While traveling through the Italian regions of Marche and Abruzzo, you will often run across Pecorino wine. While its origins date back millennia, it has a thoroughly modern flavor, going extremely well with fish, meat and cheese. Unfortunately, it can be a bit hard to find outside of central Italy (one more reason to come visit us!), but at Walking Palates, it has become a sort of tradition. During company lunches and dinners, there will always be a bottle of high-quality Pecorino wine taking pride of place on the table.Quality Over Quantity
Pecorino grapes were on the edge of extinction when they were rediscovered in the 1980s and made into a varietal wine
— a wine made from only one type of grape. Pecorino grapes grow at the foot of the Apennine mountains on the border between Marche and Abruzzo.
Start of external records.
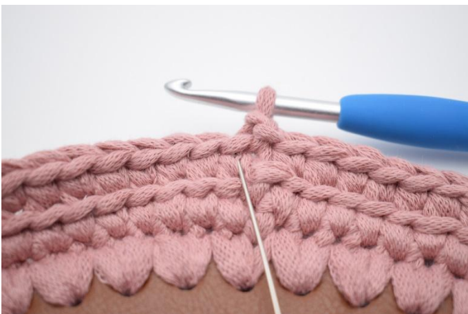
9. Nå skal det hekles ks. Ks er en alm. fm men som er heklet i v én i masken under. Hekle 1 fm i den første v. Nålen her markerer hvor din fm skal hekles.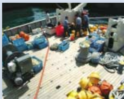
観測作業甲板。左舷側にウインチ類を配置。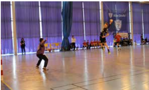
Le gymnase Anquetil a accueilli des matchs dans le cadre du mondial scolaire de handball.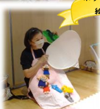
ボランティアさんによる 絵本の読み聞かせ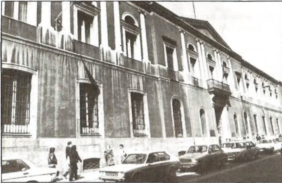
Madrid, autonomia «uniprovincial».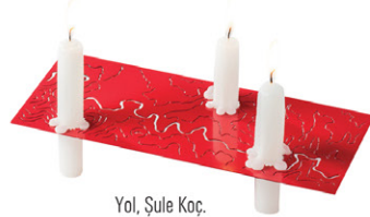
Yol, Şule Koç.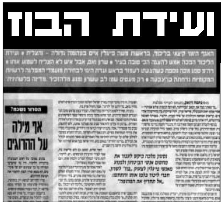
"ידיעות אחרונות" 09.06.2003

אנו זקוקים למתנדבים בכל התחומים - התקשרו אלי (064-202884) והשתבצו לפעילות במסגרת אחת מוועדות הפעולה, או באופן עצמאי.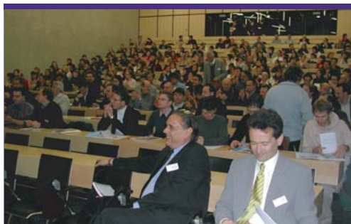
175 personnes étaient réunies lors de cette manifestation.

Près de 175 personnes, provenant de toute la Suisse romande, se sont ensuite déplacées au TechnoArk pour suivre les 6 ateliers animés par les entreprises transformeuses et les instituts de recherche du TechnoArk. Ces ateliers ont permis aux participants de comprendre comment les facteurs de « l'économie directe » peuvent être repris avec succès dans des modèles d'affaires innovants.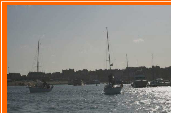
Virus et Elinoa

10h30 - Tous le monde est la, c'est parti pour les Hébiens !!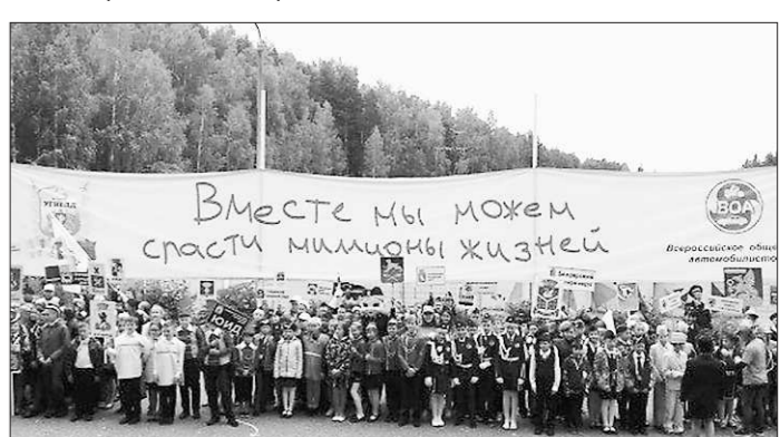
Фото 24. Открытие областных соревнований юных велосипедистов.

В июле в Областном центре реабилитации инвалидов прошёл «Фестиваль параспорта», организованный в Екатеринбурге ассоциацией «Особые люди» (фото 25). Фестиваль прошёл в рамках федерального социального проекта «На урок — вместе», который направлен на развитие инклюзии в обществе. В рамках данного проекта эксперты проводят для преподавателей школ обучающие семинары и тренинги по методам включения детей с инвалидностью в общеобразовательный процесс.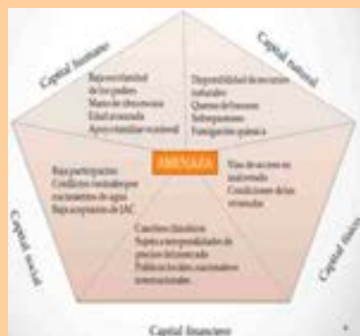
Figura 1. Contexto de vulnerabilidad en las fincas tradicionales de la vereda Leonera, municipio de Tuta (Boyacá) Gráfico adaptado de DFID (1999).

índice de bienestar o carencia que muestra cada capital según el DFID, sino de manera particular, con el objeto de mostrar el contexto de vulnerabilidad analizado dentro de la investigación.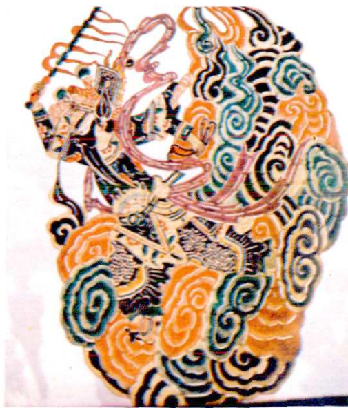
清代乐盛班皮影灵官、黑虎角色脸谱造型雕刻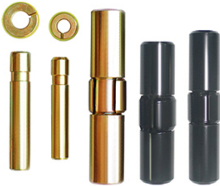
斗齿销 Tooth Pin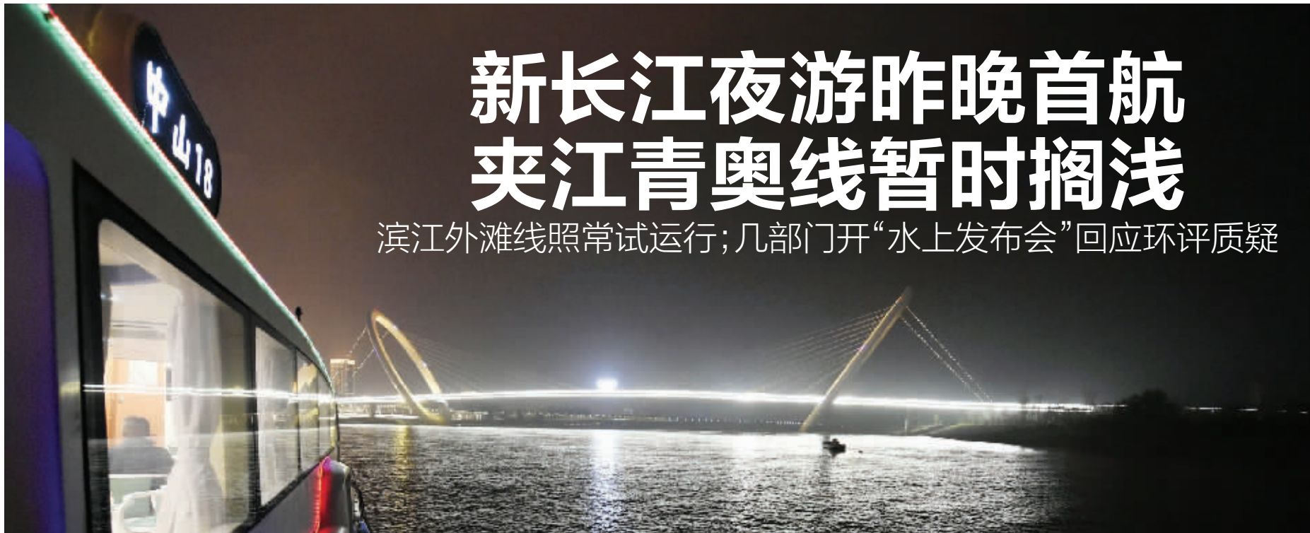
“中山18”号缓缓靠近“南京眼”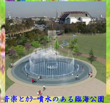
音楽とカー噴水のある臨海公園

平成30年5月13日(日) 開催場所:碧南市臨海公園付設 サイクルロード(雨天決行) 10km 9:45 3km 10:00 5km 10:30 スタート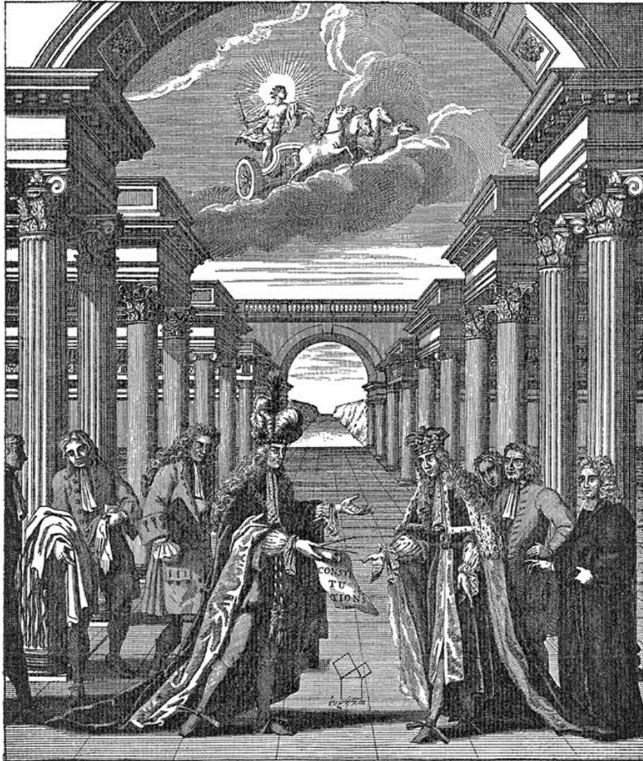
Engraving by John Pine in Aldersgate Street London

Op Zomer Sint Jan 1717 besluiten vier Londense Loges hun krachten te bundelen in een grootloge, de grootloge van Westminster, die uit zou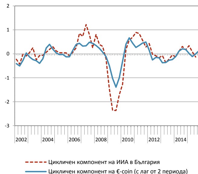
Оценени циклични колебания в еврозоната и България

През третото тримесечие на 2015 г. индикаторът €-coin достигна най-високата си стойност за периода от средата на 2011 г. насам, което се обуславяше от активизирането на външната търговия в страните от еврозоната. През октомври и ноември 2015 г. се наблюдаваше слабо забавяне в развитието на разглеждания показател, като основният ограничаващ фактор бе свързан с все още ниската инфлация. Въпреки това, неговата стойност остана висока, в съответствие с подобряване на доверието на фирмите и домакинствата. От тази гледна точка, очакванията за развитието на бизнес цикъла у нас през последното тримесечие на 2015 г. и началото на 2016 г. остават положителни. ●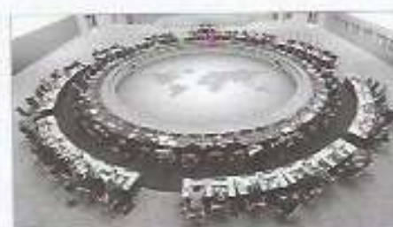
► Reunión plenaria del G20.

En una situación de competencia perfecta , como en el esquema superior, los precios bajan si la oferta es mayor que la demanda. En caso contrario, los precios suben.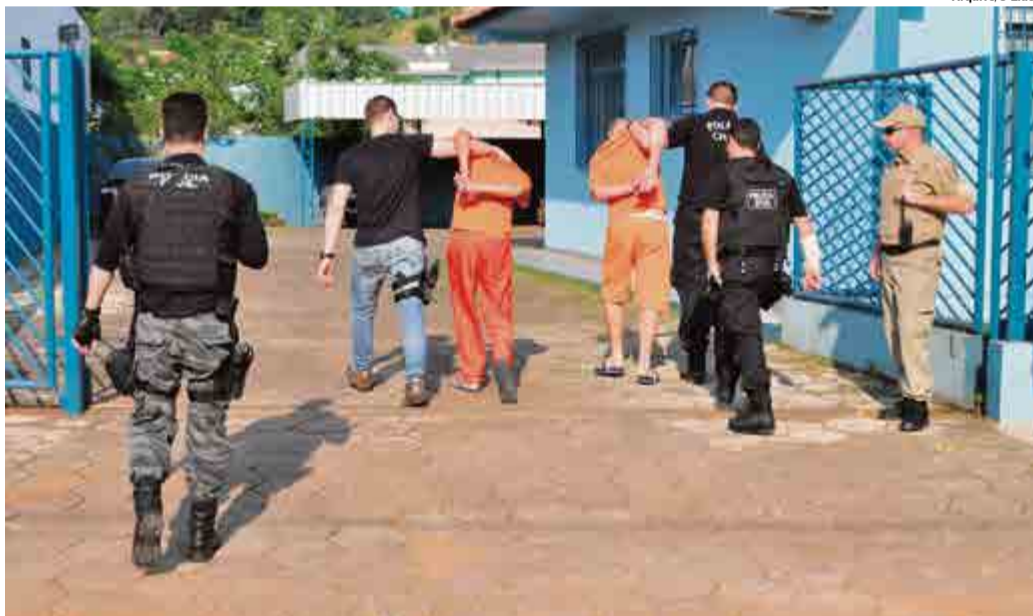
Operação Ostentação foi deflagrada no dia 17 de outubro de 2014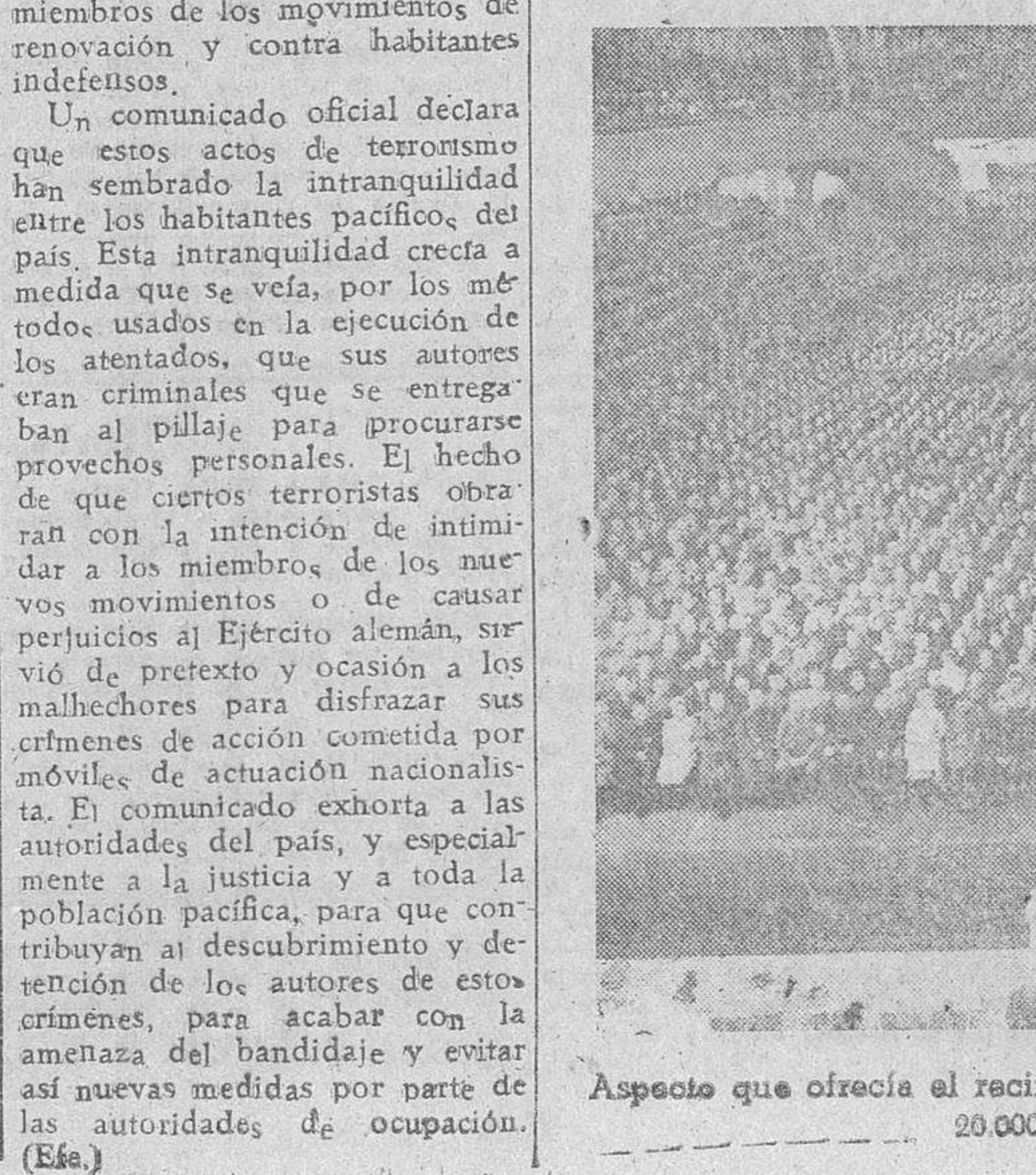
Aspecto que ofrecía el recinto, en el cual el canciller alemán pronunció un discurso ante 20.000 nuevos oficiales del Ejército del Reich.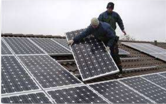
Τεχνικός αυτοματισμών και φωτοβολταϊκών συστημάτων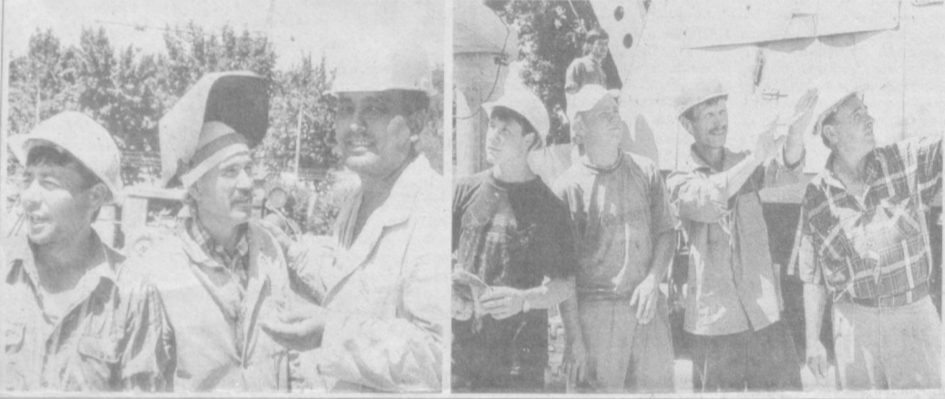
СОҒЛОМ АВЛОД УЧУН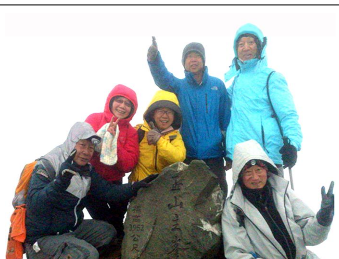
圖 6 二度攻頂玉山(前最左)， 於 2015 年 4 月 29 日

都說人生無非酸甜苦辣，我說爬山也是酸甜苦辣，五味雜陳。爬山過程中，當你覺得很累很累的時候，你有一絲絲的後悔油然而生，會問自己，我幹嘛要到這裡受苦？！但你與生俱來的恆心毅力意念，也會跟隨而來，因而你每次都能克服了痛苦而堅忍不拔地登上目標山頂。這個過程，當然是既酸又苦又辣；可是當你登到山頂，完成這一趟辛苦行，心中就有成就感，加上山頂可極目遠眺，風光明媚，內心自然就甜蜜蜜的。所以，每次在山路上都發誓「以後不要再像這樣爬山了」，可是下一次，無數個下一次，你仍會毫不遲疑地說「我要參加」。人就是這樣，在某一個角度看，這種反覆，刻意忽略曾經有過的痛苦心態，似乎很賤；但從另一角度來看，痛苦為成功之母，累積了許多痛苦之後，你人生的成績就向前推進了，創造力也跟著增強了。人類各式各樣文明，不就是這樣創造的嗎？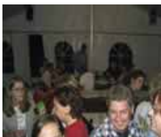
bis in die frühen Morgenstunden!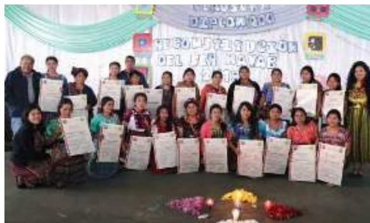
“Reconstrucción del Ser Mayab” Diplomatuaren itxiera. 2018ko abuztua.

While both these regions claim to be this wine's birthplace, in truth, its origins date back before there were regional borders. Two thousand years ago, Pliny the Elder
wrote about Pecorino, describing it as a wine that is “mild and stores well, getting better with age.” In the 1500s, Pecorino was usually mixed with Moscatello grapes when making wine. In 1875, the Italian National Registry of Grapes described it as a variety that “produces the earliest ripe fruit.” Due to its low yield, for centuries Pecorino was only used in blends, that is to say in wines made from two or more varieties of grapes. Although today's Pecorino is solely used for white wine, for a long time, many were convinced of the existence of Red Pecorino.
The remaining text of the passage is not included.